I am open to the time I am guessing around noon or 1:00. I live in Anderson township. The address is 2068 Knightsbridge dr Cincinnati, Ohio 45244 for all who want to do a mapquest of google maps.


----------



## Yzfr6

I have decided to have everyone over on the 25th so that everyone who wants to attend can. Thanks.


----------



## MatPat

I can definately make it the 25th. As far as I know we have no plans that weekend. Still the same time I assume?


----------



## Simpte 27

Sorry about my disappearing act (even moreso than usual) but with possible lay-offs coming I have been working a lot. I should be back to just missing status now though


----------



## Yzfr6

lets get together at 1:00 to give everyone a chance to get here especially anyone coming from Columbus.  Whats everyones preference for food and alcohol /Beverages. I can either bring in Larosa's pizza or grill out some hamburgers and hot dogs. Let me know. Thanks.


----------



## Troy McClure

Can we start to get a plant availability list going? I'd like to know what all I'lll have to work with for the design. So far, I can bring a ton of Vals, a good amount of Java Fern, some Bolbitis that could use a lot of TLC. I'd like to keep the design fairly limited for the sake of design continuity. Does anybody have some anubias, crypts, HC, swords, and/or red plants available?


----------



## MatPat

Glad you chimed in Erik. I was unsure if Scott was going to have the plants or if you were supplying them. Now I know 

I will let you know what plants I have available next week. I am selling my 30g and 55g and will have more of an idea of what plants I don't have room for after this weekend is over. 

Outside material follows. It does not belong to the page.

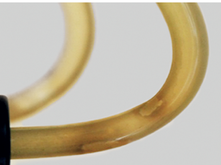
Wegen H_2O_2 : Biofilmbildung

Video-Erfahrungsberichte www.safewater.video

I'm sure I will have some Crypts, maybe a few A. nanas, some Alternanthera reineckii, Red Tiger Lotus, and maybe a few others I can part with as long as I have somewhere to put them between now and the meeting.


----------



## Troy McClure

The red lotus would be perfect. I completely forgot about that.


----------



## Yzfr6

Erik came over today and we did some of the hardscaping. Here is a pic of where it is today.


----------



## Simpte 27

I'll have a few crypts. I have one so big it has to me moved anyway. About 18 inches tall and the runners are almost a foot. I'll try to post pics tomorrow. I have some hygro also. Some E. tenellus also if anyone needs it.


----------



## Simpte 27

Here are a cpl of pics of the crypts (and an angel ot 2)

























The angels are bigger than a half dollar now and growing nicely still. SHould be ready to breed in a cpl of months.


----------



## Troy McClure

That crypt would be perfect, Damon. Any amount you feel like donating to the tank is appreciated.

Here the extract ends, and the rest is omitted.